------ Available data ------

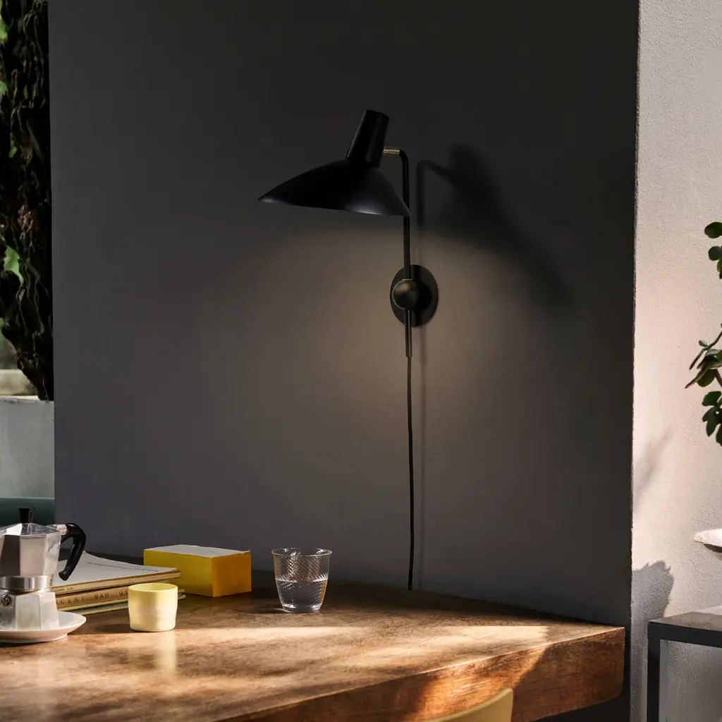 Elevate your space with the exquisite Tripod HM12 Wall Sconce from &tradition. Inspired by Hvidt & Mølgaard's original design, this lacquered aluminum lamp features a solid spherical base and an adjustable shade for a graceful diffusion of light. Its new white and brass colorway adds a touch of timeless luxury to any room. Highlights
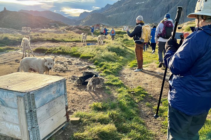 “At 6:15 this morning, I was debating whether or not to push the button to make an announcement and wake everyone up,” Expedition Leader Andreas said at recap this evening. “At 6:20, I pushed that button.” While this might not be met with cheers on an average day back home, today’s call was more than worth it as National Geographic Endurance left the Denmark Strait and entered her first day of a long voyage around Greenland. We were greeted with remarkably calm seas and stunning early morning light – a luxury as the high Arctic slowly shifts from its 24 hours of summer sun back towards the twilight (and nightfall!) of autumn. The sheer walls of East Greenland’s glacier-carved fjords rose to meet us, icebergs dotting the water at their feet. Amongst the icebergs, we spotted the reason for the early call: a group of twenty or more humpback whales feeding close by. We cut our own breakfast short for an early Zodiac ride to view the spectacle! The afternoon saw the ship navigating uncharted waters towards the former U.S. military airstrip Bluie East Two, where we enjoyed exploring remnants of the base and spotting late summer Arctic wildflowers while soaking in a beautiful first day in Greenland.
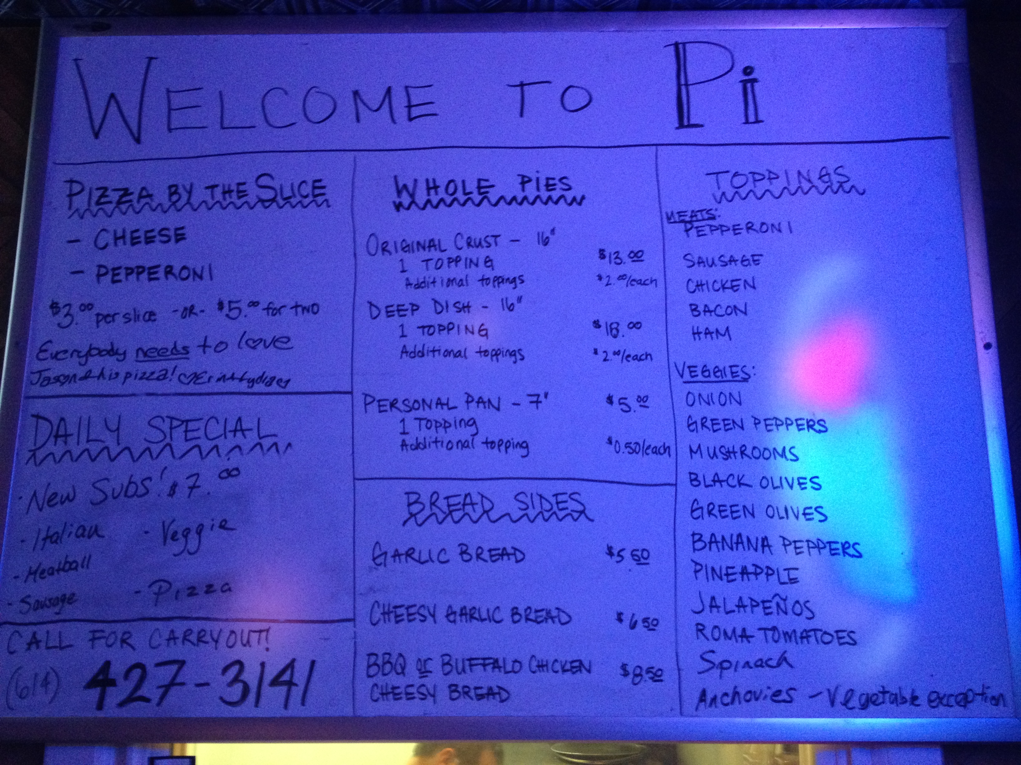 I have been stalking this place for almost year and have yet to experience anything that would lead me to find fault with this creation. It is both simple and complex at the same time. It pleases the eye and the palette. The aroma is alluring. Options include pizza, deep dish pizza, cheese breads and subs. Simple menu, complex flavors. I have sampled the deep dish most often. The addictive qualities it triggers in me should be monitored by food scientists and people more learned than I. If there is a pizza Rehab I won’t go, go, go.

------

Task prompt
Your copy should hold each line above exactly and no pictures at all.

Output for this exercise
 Elevate your space with the exquisite Tripod HM12 Wall Sconce from &tradition. Inspired by Hvidt & Mølgaard's original design, this lacquered aluminum lamp features a solid spherical base and an adjustable shade for a graceful diffusion of light. Its new white and brass colorway adds a touch of timeless luxury to any room. Highlights
 “At 6:15 this morning, I was debating whether or not to push the button to make an announcement and wake everyone up,” Expedition Leader Andreas said at recap this evening. “At 6:20, I pushed that button.” While this might not be met with cheers on an average day back home, today’s call was more than worth it as National Geographic Endurance left the Denmark Strait and entered her first day of a long voyage around Greenland. We were greeted with remarkably calm seas and stunning early morning light – a luxury as the high Arctic slowly shifts from its 24 hours of summer sun back towards the twilight (and nightfall!) of autumn. The sheer walls of East Greenland’s glacier-carved fjords rose to meet us, icebergs dotting the water at their feet. Amongst the icebergs, we spotted the reason for the early call: a group of twenty or more humpback whales feeding close by. We cut our own breakfast short for an early Zodiac ride to view the spectacle! The afternoon saw the ship navigating uncharted waters towards the former U.S. military airstrip Bluie East Two, where we enjoyed exploring remnants of the base and spotting late summer Arctic wildflowers while soaking in a beautiful first day in Greenland.
 I have been stalking this place for almost year and have yet to experience anything that would lead me to find fault with this creation. It is both simple and complex at the same time. It pleases the eye and the palette. The aroma is alluring. Options include pizza, deep dish pizza, cheese breads and subs. Simple menu, complex flavors. I have sampled the deep dish most often. The addictive qualities it triggers in me should be monitored by food scientists and people more learned than I. If there is a pizza Rehab I won’t go, go, go.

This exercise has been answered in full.